29. Chapter 29

“I’ll wipe up the spilled milk,” X says out of the blue.

We’re sitting in a small booth in a shitty restaurant in Reno, keeping our heads down and getting some food in us before we faint from hunger.

“What?” I say as I struggle to keep up with her.

“I’ll wipe up the spilled milk when I first spill it. I’ll clean up after myself.” She blinks as her face grows red. “I can change, if that’s what you need.”

“You can’t change,” I tell her. “And if you did, it wouldn’t be the same.”

She throws her hands in the air, nudging her coffee which slops over the edge. She doesn’t notice. Doesn’t wipe up the spill. “Then what do you want? What happened last night was not a one-night stand. You know it and I know it. And I refuse to pretend I’m the only one in this relationship.”

I fold my napkin in two and wipe up the spill as she watches me, chagrined. “Sorry,” she mutters.

“I need time, X. You were right, what you said before. I’m all over the place and it isn’t fair to you. I gotta figure it out on my own.”

“In the meantime, I’m left hanging.”

“You gotta give me some room.” I lay the stained napkin next to my cup. “You’re the kind of girl who lives in the moment. Knows her mind. Does and says exactly what she feels. Me. I’m more complicated.” I realize I’m an idiot even before the words fall out of my mouth.

X confirms it. “You’re an asshole is what you are.”

She’s right, I am. But I’m not any more good for her than she is for me. “See that right there. You’re a good girl, X. You don’t swear, you don’t have one-night stands. You don’t slum. It’s what’s going to happen if you stay with me. “

“You don’t know me,” she hisses.

I almost laugh, but I do have some self-preservation. This girl wears her heart on her sleeve. She has no mystery, no coyness. She doesn’t know how to be anyone other than who she is. And it’s what I love about her, but also what scares the shit out of me.

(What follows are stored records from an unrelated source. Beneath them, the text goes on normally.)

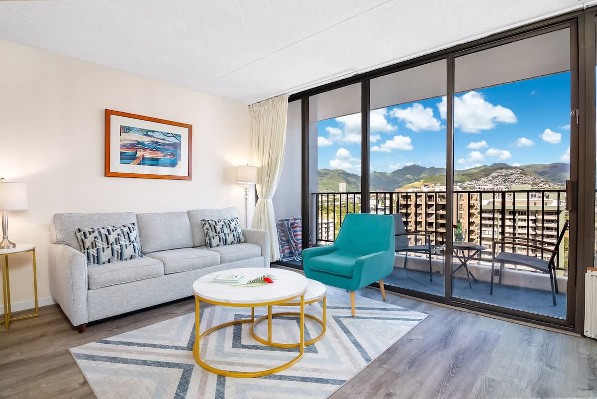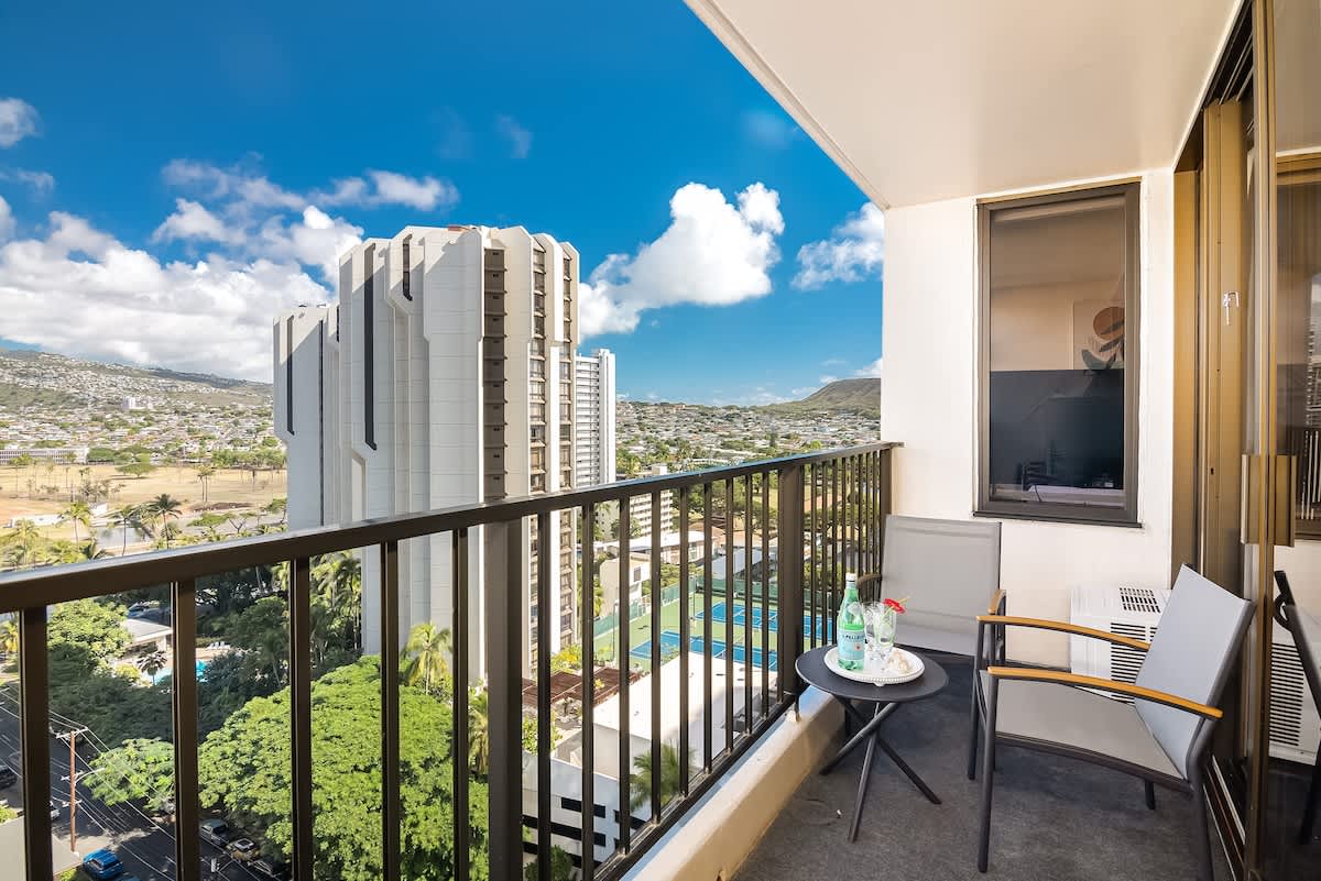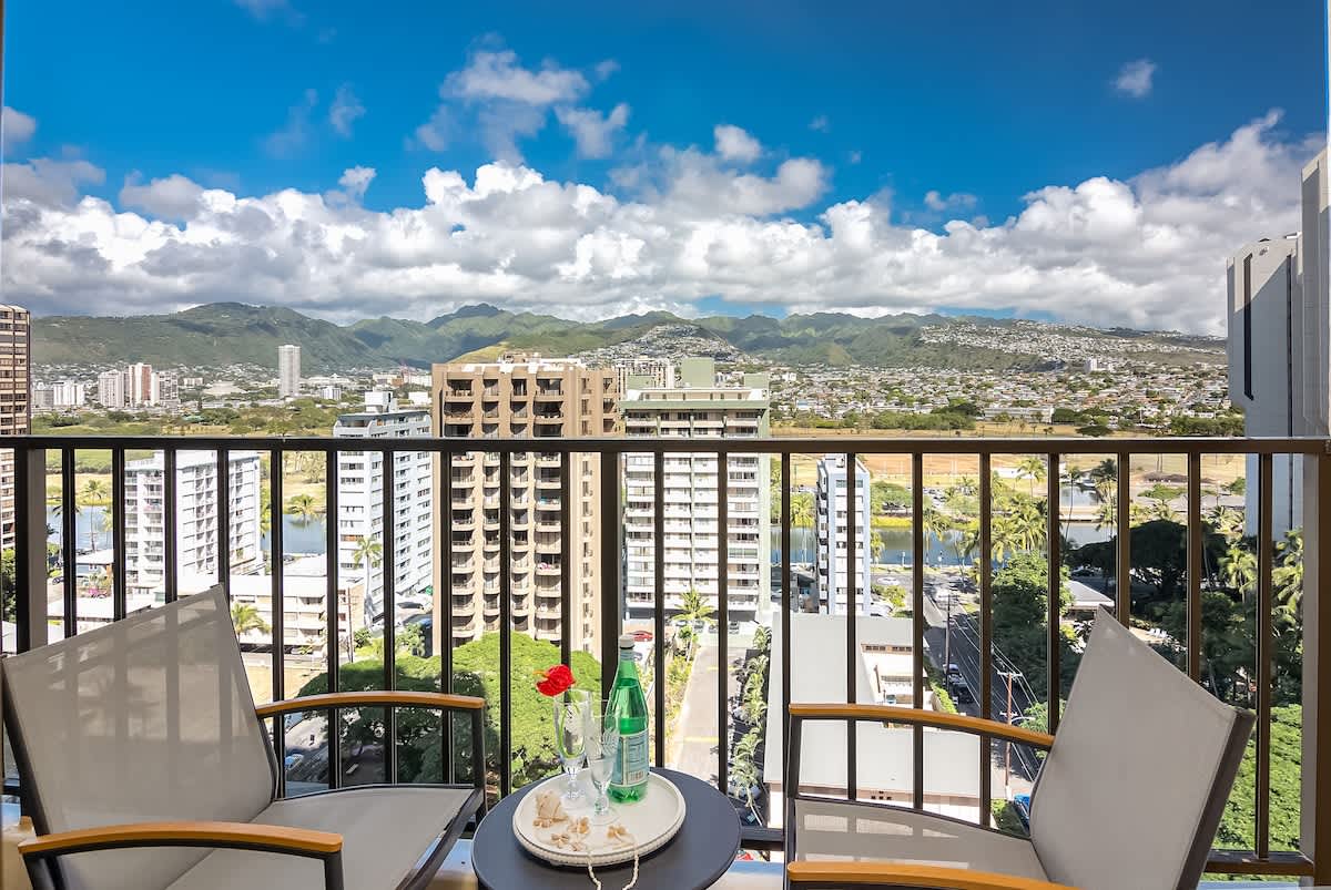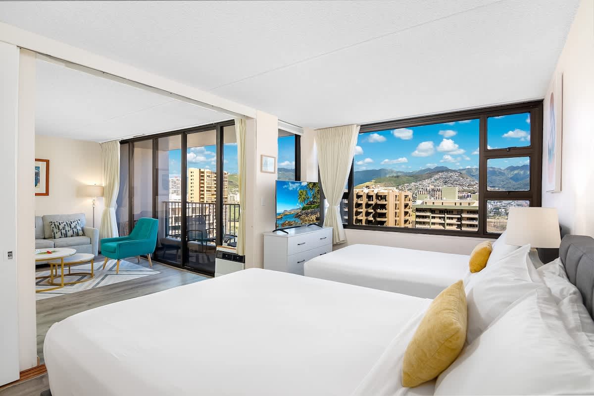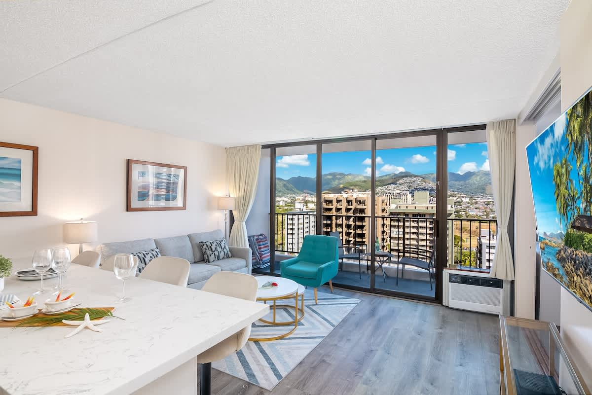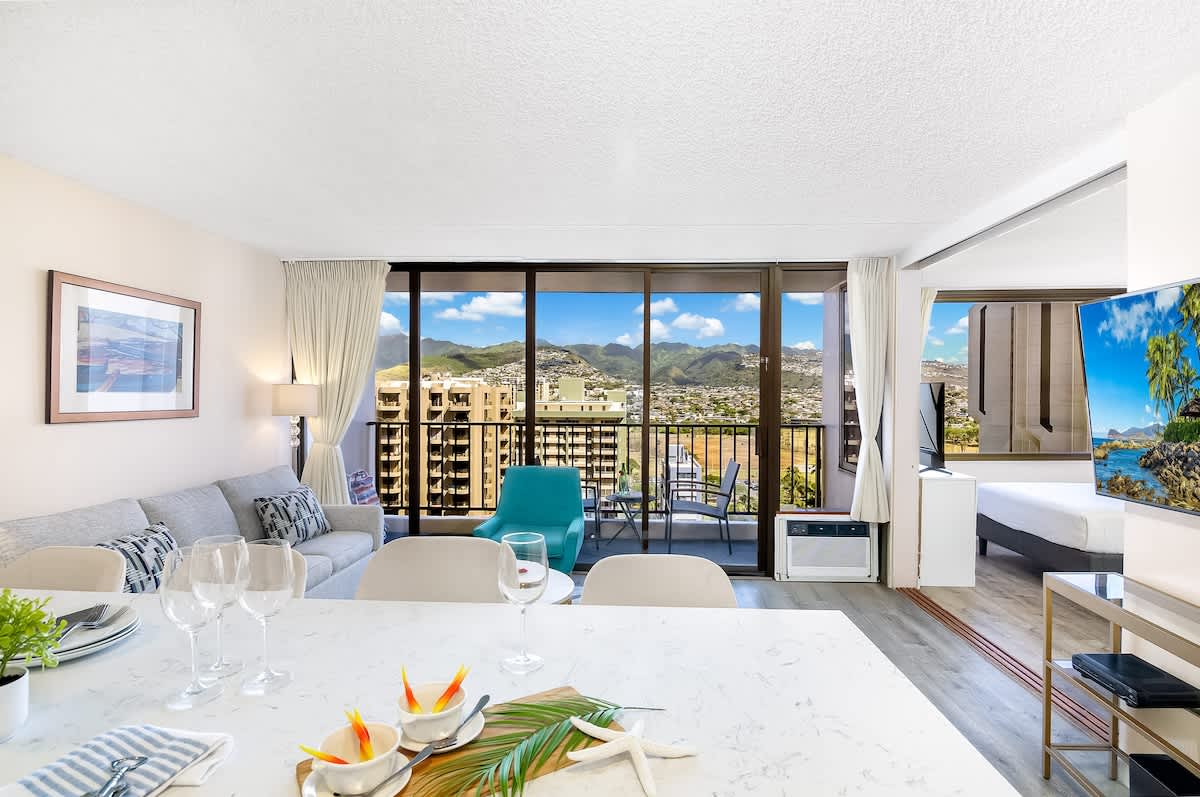 Great 1-bedroom condo at the Waikiki Banyan brought to you by Midway Vacations, perfect for up to 4 guests! You can easily stroll to the renowned Waikiki Beach, nearby shopping spots, and delightful restaurants. Enjoy complimentary high-speed wireless internet and parking during your stay and savor the stunning mountain and city views from both the bedroom and the balcony!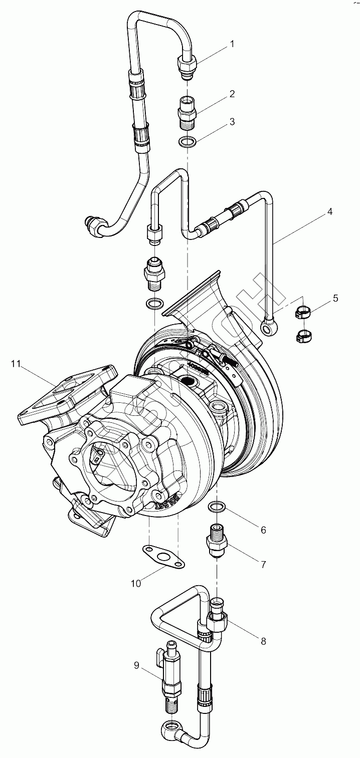 | 4 | 1001127724 | Turbocharger Water Pipe Assembly |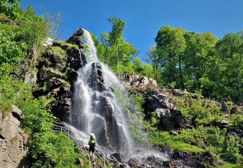 Inspiriert von der imposanten Felskulisse aus Granit und Pophyr im engen Kerbtal der Truse, entstand 1865 der wildromantische Wasserfall - ein Naturdenkmal.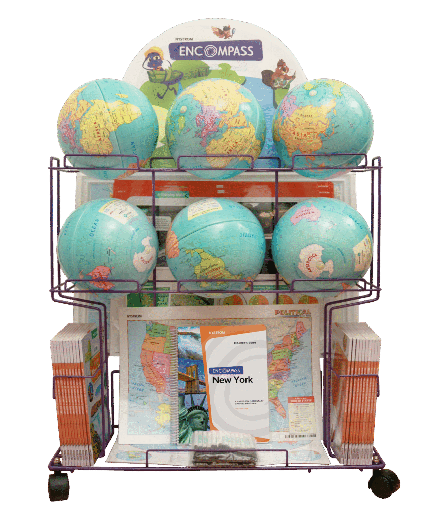 A classroom cart with all the components: student atlases and markable kid-sized globes, Social Studies Place Mats, and desk maps scaffolded for K–5.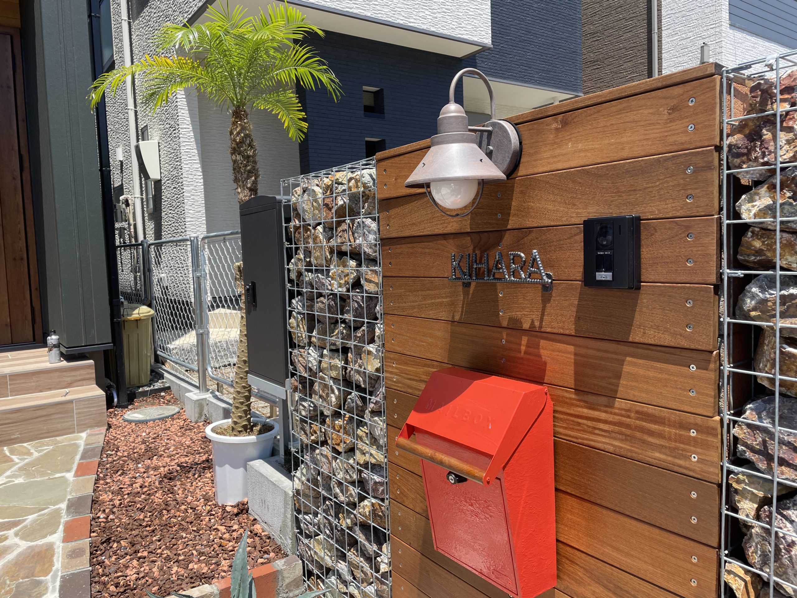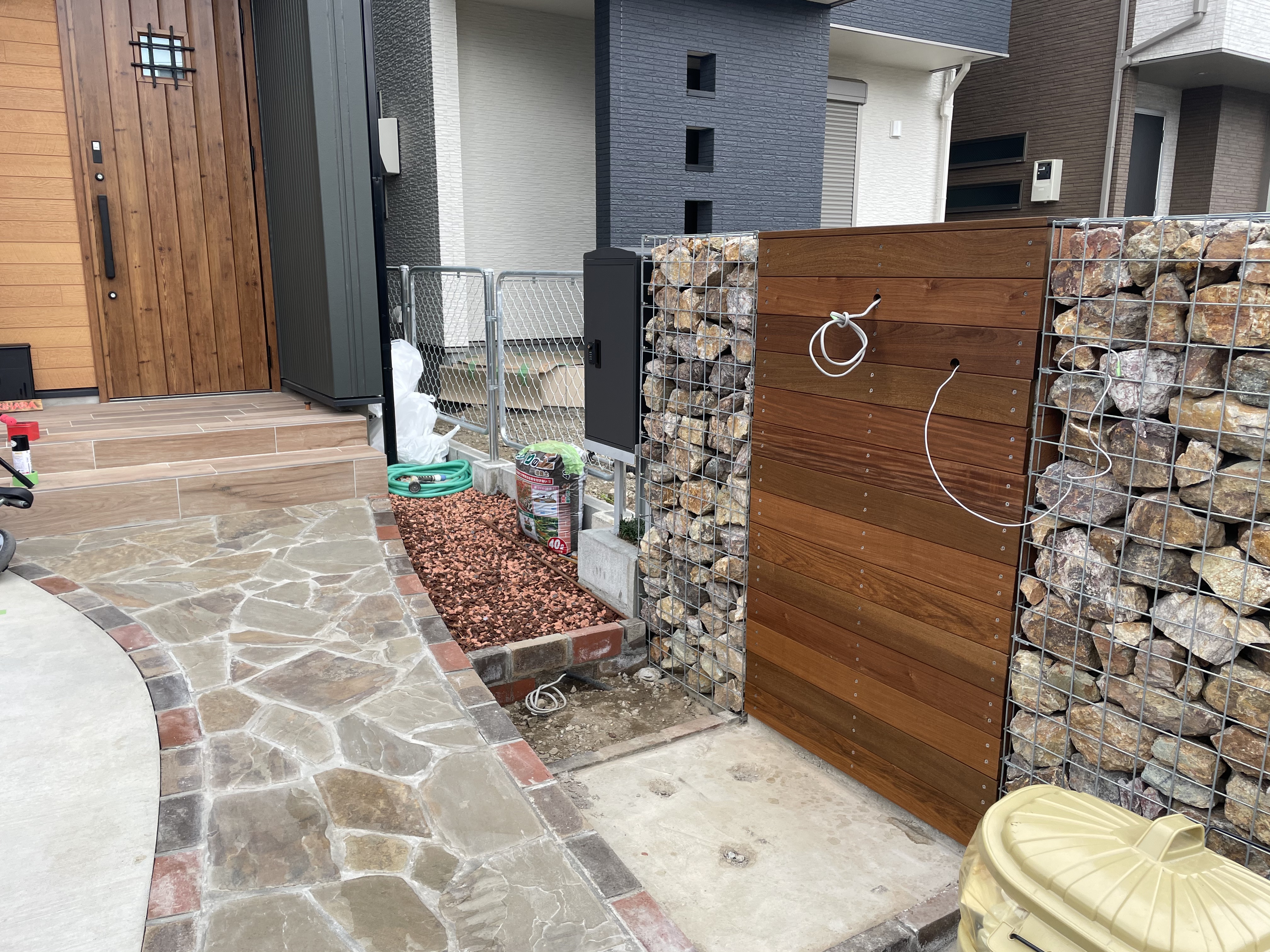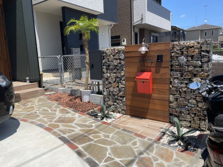 ガビオン(石材入りワイヤーバスケット)とウッドパネルを組み合わせた門柱が、重厚感と温かみを両立。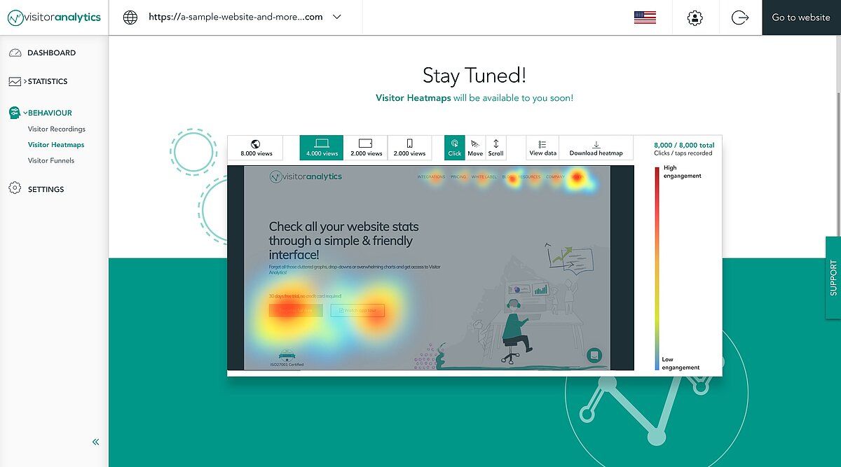 Этот сервис позиционирует себя как решение всё-в-одном для оптимизации конверсии. Следовательно, здесь есть тепловые карты для отслеживания кликов, скроллов и движений.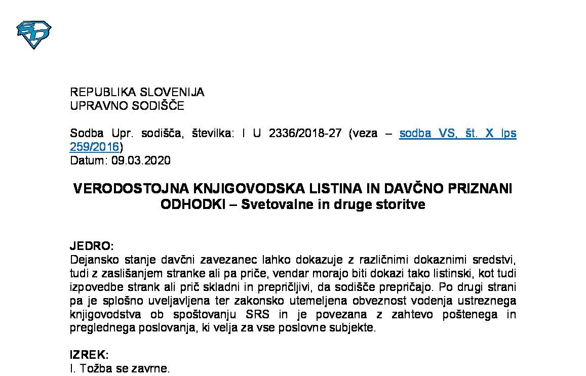 VERODOSTOJNA KNJIGOVODSKA LISTINA – Potni nalog – Dokazovanje nastanka poslovnega dogodka (I U 1898/2021-11) 21.05.2024 14.04.2025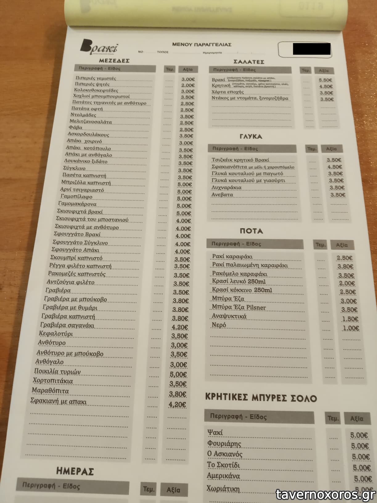 Κατάλογος μεγάλος με κρητικούς μεζέδες.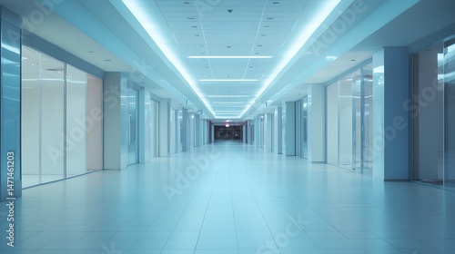 Modern futuristic corridor, sleek white walls and floors, ambient blue lighting, ideal for tech or innovation themes.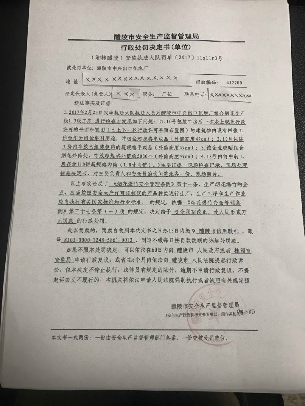 (湘株醴陵)安监执法大队罚单[2018]llsllr3号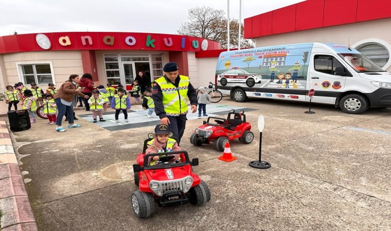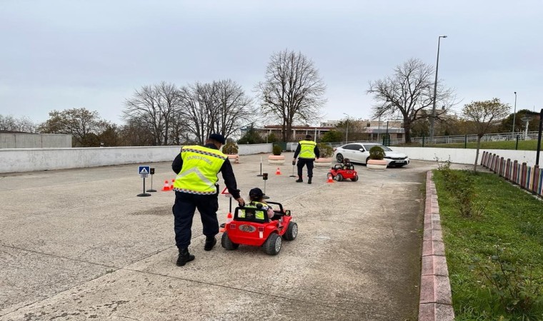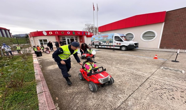 Samsun İl Jandarma Komutanlığı ekipleri, mobil trafik eğitim aracı ile miniklere trafik eğitimi verdi.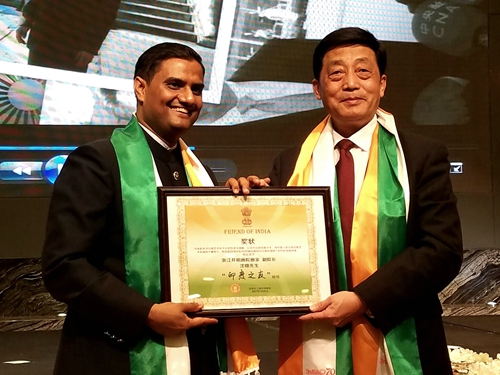 为此,古光明总领事特将“印度之友”称号授予沈曙先生,奖状全文如下:“为表彰其对印度艺术和文化的热爱与理解、以及杰出的绘画才华、向中国人民介绍印度艺术所做的不懈努力、特别是2016年9月G20峰会期间为印度总理阁下创作的油画肖像、特此授予浙江开明画院画家、副院长沈曙先生‘印度之友’称号。”

“You don’t know me either,” I tell her. It’s better than acknowledging the truth.

Her reply is brittle. “Yeah, ‘cause you’re more complicated.” She pauses as she gets her anger under control. “I don’t know who you used to be before you went to prison, but now, who you are today, I know.”

When I don’t respond, she continues, “You have to stay in control, have to show the world how cool and collected you are, because you can’t be out of control or you think you’ll self-destruct. You’re not claustrophobic but you can’t stand being anywhere without a back door. You need to get out fast, to escape. It’s what you’re doing to me. Treating me like I’m an apartment when what I am is a home with lots of windows and doors. A safe place. But you’re blind to all that.” She snorts. “And that’s the part I don’t get. You see everything and yet, you don’t see me.” She crosses her arms and looks out the window, blinking her eyes.

I lean towards her. “It’s not about who you are or what I don’t see. You think what’s happening to us right now is a nightmare? Try spending nine years in prison. The first thing you learn when they slam the door on you is that you don’t show fear. Ever. If someone’s gonna kill you, they’re gonna do it, no matter how you much you beg them not to. But if you don’t show them you’re afraid, they might think long and hard about why you aren’t. And that hesitation might be all you need to get the drop on them.”

I’ve never said this to anyone. Never laid my heart on my sleeve this way and I resent X in the moment for making me justify my behavior towards her and the world in general. “That’s why I can’t lose control.”

“Yeah, but I’m not a threat.”

“It’s not that fucking simple.”

She leans across the table and says in a low voice, “It is that simple. You don’t wanna change, then don’t, I’m not gonna judge you. Besides, I make you lose your cool. It’s good for you.”

I stare at her. “You don’t know who I was before I went to prison. You don’t want to know. And what you do to me, you’re gonna find out someday and it won’t be pretty.”

She rolls her eyes. “I don’t need to know who you were before you went to prison. You’re not that same guy anymore. You’re also not the guy you show to the rest of the world. You don’t know who you are.”

Fury hits me between the eyes, not at her, but at myself. At this fucking mess. At my inability to take what I want without fear.

The waitress rescues me from losing my shit by bringing the bill. I dig in my pocket, throw some cash on the table and get up, yanking X to her feet.

“Let’s get out of here,” I mutter as we walk back to my bike. “I know a place we can stay.”

X shoves the helmet on her head. “Ow!” she exclaims as she runs her hand under the helmet and unfolds her ears.